Gestion du timing : C'est pour moi la chose la plus compliquée durant une mise bas que d'estimer le bon timing pour prendre une décision d'assistance vétérinaire ou non, suivant le temps passé entre deux chiots, les contractions efficaces ou non... Il n'y a vraiment pas de situation type, chaque mise bas, et chaque naissances étant différentes. Il faut avoir du bon sens, et savoir observer tous les signes qui peuvent nous pousser à consulter le vétérinaire.
Suivi de la mère pendant le déroulé
- Hydratation entre les naissances, pauses courtes supervisées.
- Comptage des placentas (autant que de chiots, ou note des manquants, car il y'a un gros risque septique en cas de rétention de placenta).
- Surveillance : saignements, fatigue, température, comportement maternel.
Après le dernier
- Nettoyage complet de la caisse, remplacement intégral du linge.
- Repas énergétique pour la mère + eau fraîche ; environnement calme.
Et ensuite ?
- Pesée de chaque chiot à heure fixe et quotidiennement plusieurs jours suivant la naissance. Ici, on le fait tous les matins et chaque poids est scrupulusement inscrit dans le dossier de la portée.

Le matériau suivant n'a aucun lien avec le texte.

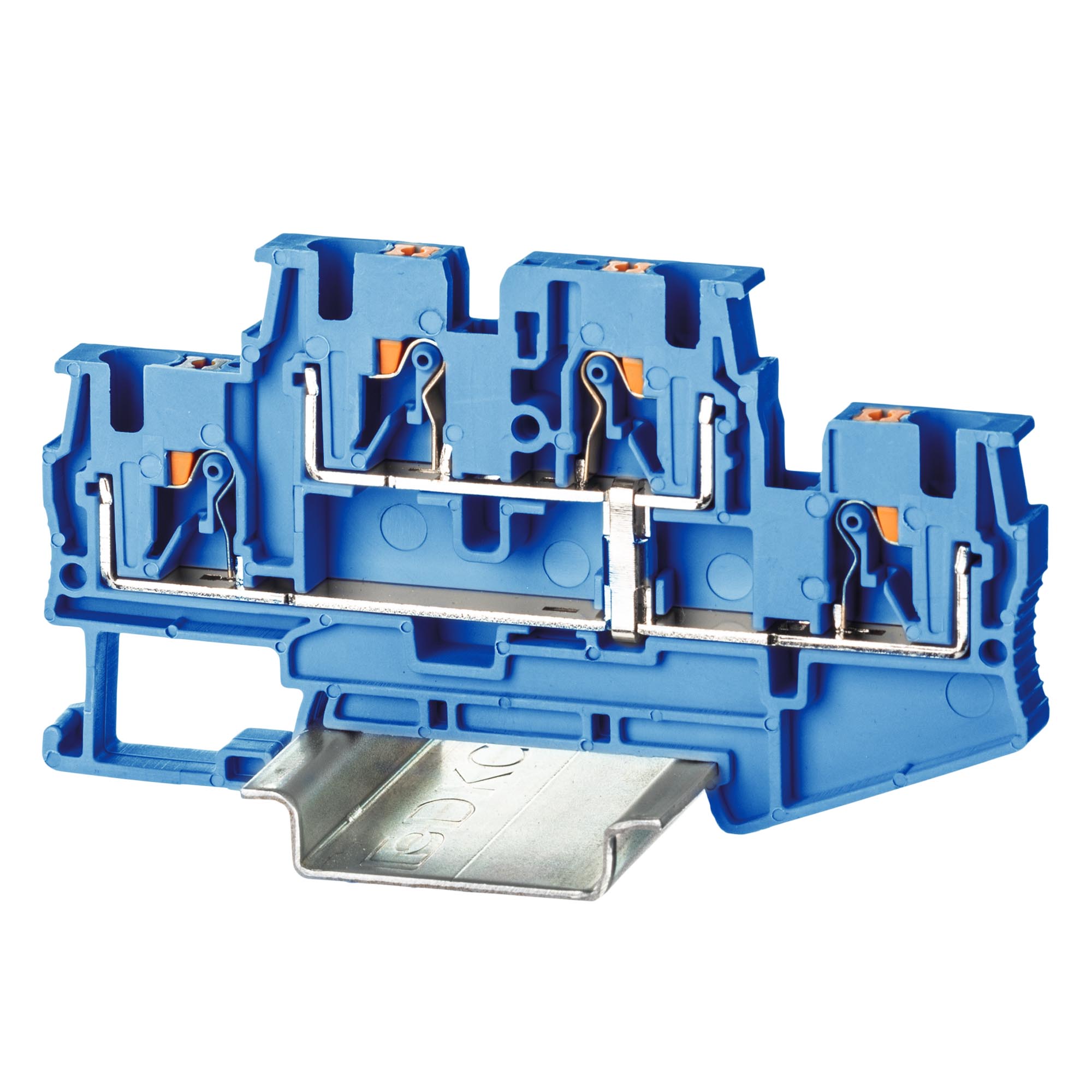 Клемма двухуровневая, зажим push-in, 4 точки подключения, с перемычкой между уровнями, 4 кв.мм, синяя
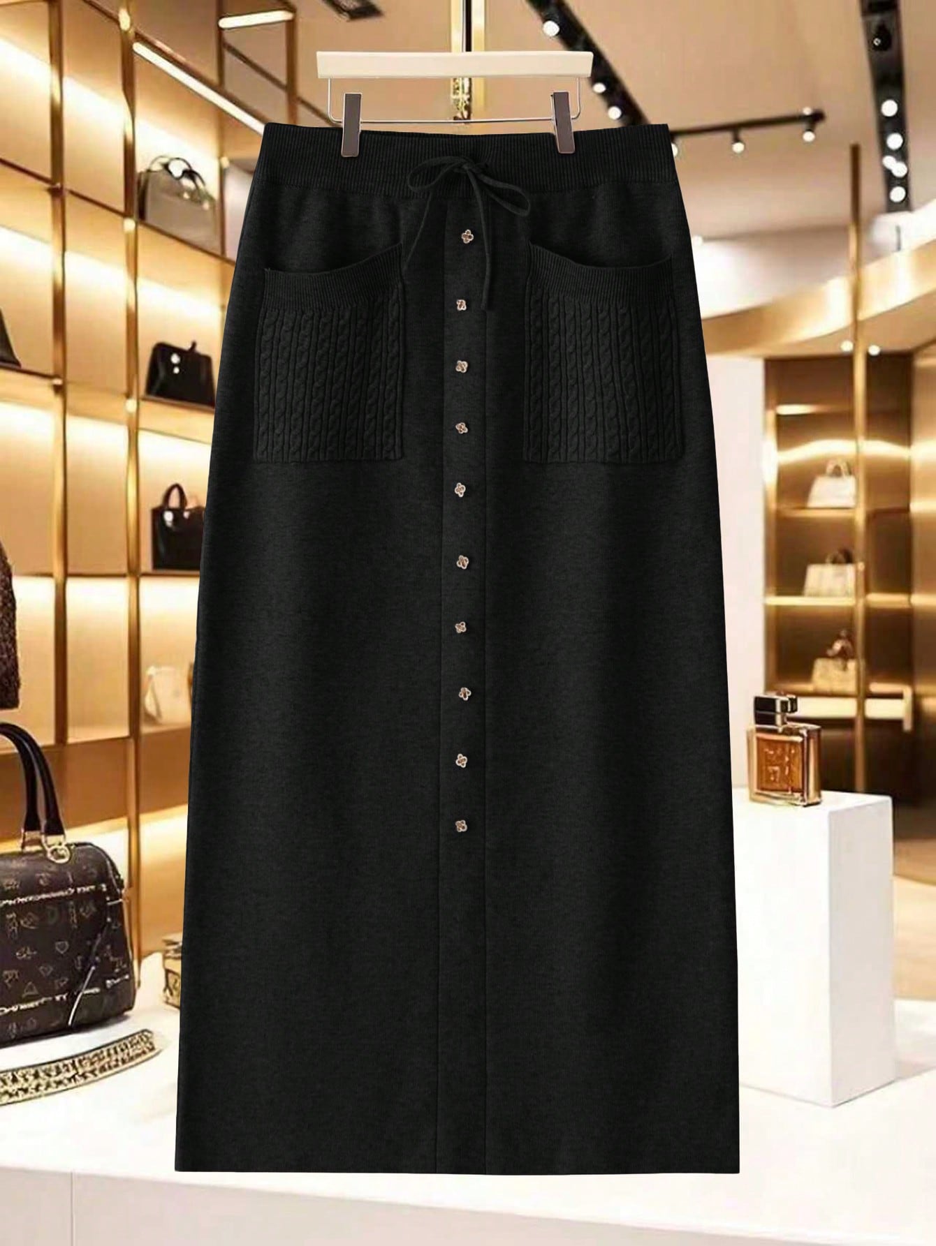 تنورة صوف تجمع بين الأناقة والدفء مع تصميم عصري مزين بالراين ستون والترتر، ليمنحك إطلالة أنثوية مميزة ومتلألئة في كل مناسبة. قصّة نحيلة وعصرية مع جيوب عملية تضيف لمسة كاجوال راقية، مثالية للاستخدام اليومي أو المناسبات الخاصة خلال موسم الخريف والشتاء.

A noter qu'une petite perte de poids et possible et sanas gravité dans les 24h suivant la mise-bas.
- Contrôle de la succion et rotation aux mamelles si besoin (éviter les « laissés-pour-compte »).
- Hygiène : alèses changées dès souillure, mains désinfectées à chaque prise en charge.

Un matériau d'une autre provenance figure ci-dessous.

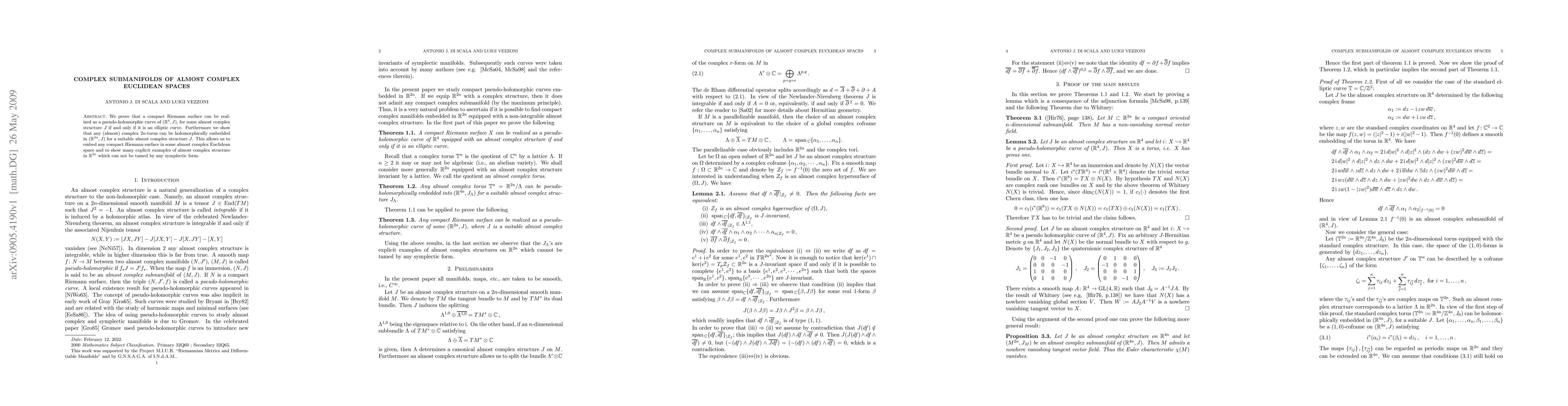 This paper proves that a compact Riemann surface can be embedded as a pseudo-holomorphic curve in an almost complex Euclidean space if and only if it is an elliptic curve. It also demonstrates the holomorphic embedding of complex $2n$-tori in $\mathbb{R}^{4n}$ under suitable almost complex structures.
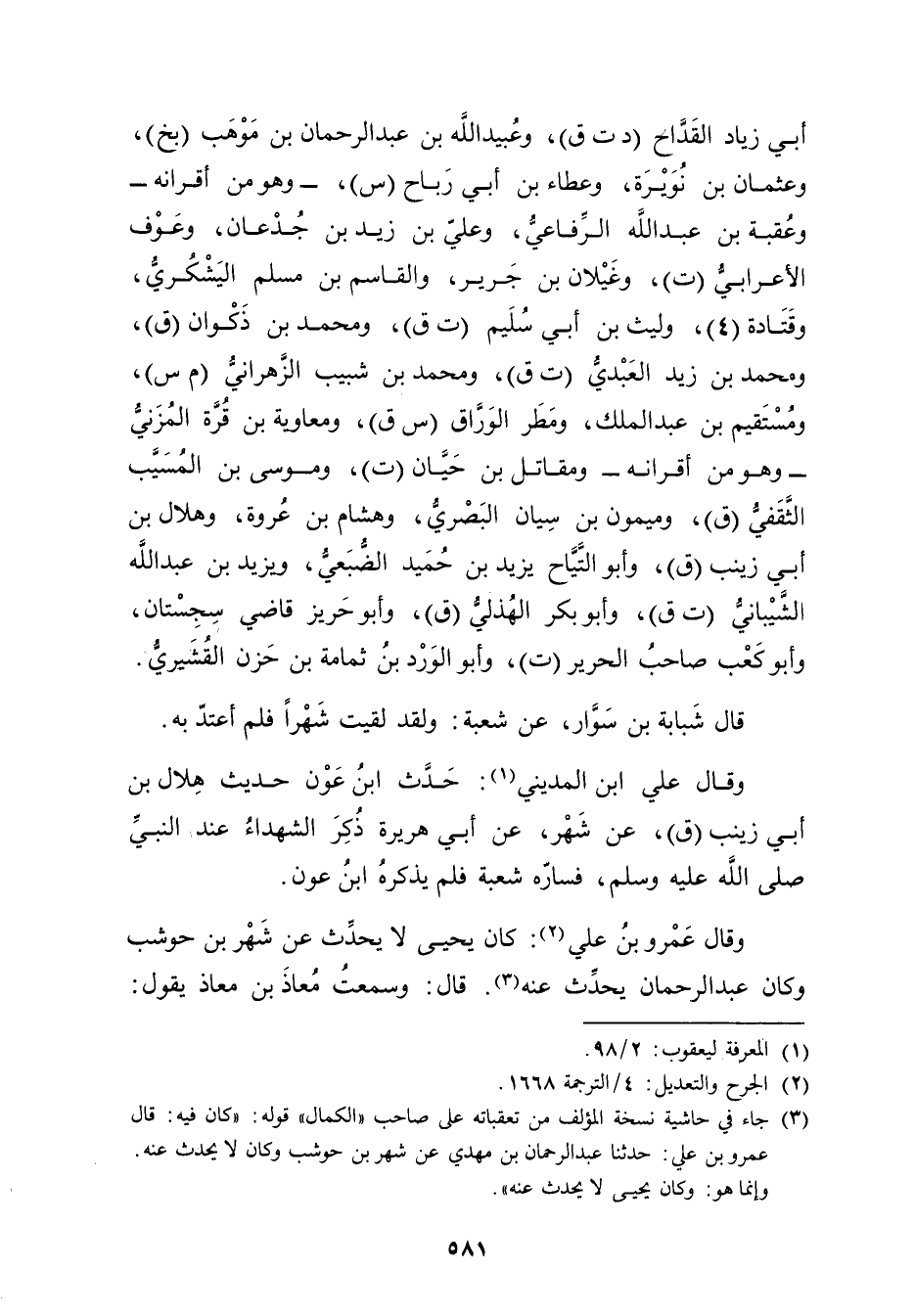 (3) جاء في حاشية نسخة المؤلف من تعقباته على صاحب "الكمال" قوله: كان فيه: قال عَمْرو بْن عَلِيٍّ: حَدَّثَنَا عَبْد الرحمن بْن مهدي عَن شهر بن حوشب وكان لا يحدث عنه. وإنما هو: وكان يحيى لا يحدث عنه".

- Observation de la mère : appétit, température, écoulements, confort, comportement maternel.
La mise-bas de Scarlett a été longue mais s’est déroulée sans aucun incident. Elle est restée très calme, efficace et réceptive tout au long du processus, et les 11 chiots sont nés viables, vigoureux et bien portants.

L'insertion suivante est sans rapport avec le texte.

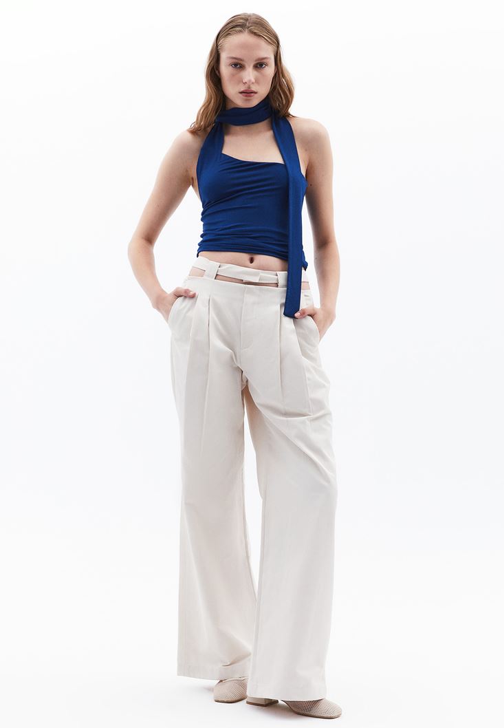 Düşük Bel Wide-Leg Pantolon
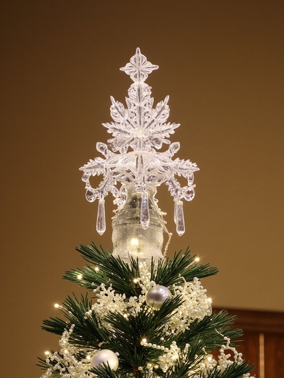 A frosted crystal tree topper serves as a stunning crown for Christmas trees, creating an ethereal glow as it disperses light throughout the space. The frosted glass detailing provides an elegant, wintry appearance while casting subtle shadows on the decorations below.

Il faut toutefois rappeler qu’aucune mise-bas ne se ressemble. Chacune a ses spécificités, son rythme et parfois ses imprévus. Certaines chiennes peuvent présenter des contractions inefficaces ou un épuisement utérin après plusieurs chiots ; d’autres rencontrent des présentations anormales (siège, pattes repliées) qui nécessitent une aide manuelle. On observe parfois un chiot coincé dans le canal pelvien, une rupture prématurée de la poche, ou encore des placentas retenus. D’autres complications plus rares peuvent survenir : hémorragie post-partum, manque de réflexe maternel, hypothermie néonatale, ou difficulté de tétée chez certains chiots plus faibles.
Chaque mise-bas demande donc une adaptation permanente de la part de l’éleveur, qui doit rester attentif, prêt à intervenir, et capable de reconnaître rapidement tout signe anormal. Dans le cas de Scarlett, la préparation en amont, l’observation continue et les gestes techniques réalisés au bon moment ont permis un déroulement exemplaire, malgré la durée du travail.
On ne le répètera jamais assez : être éleveur ne s'improvise pas, et chaque naissance représente TOUJOURS un risque pour la maman. Alors si vous prenez la décision de faire reproduire un jour votre chienne, faites le avec une connaissance suffisante du déroulement d'une mise bas normale, et gardez bien en tête qu'élever une portée représente un travail considérable, et une connaissance qui se doit d'être solide.



Merci pour ces beaux moments et pour toutes ces informations !!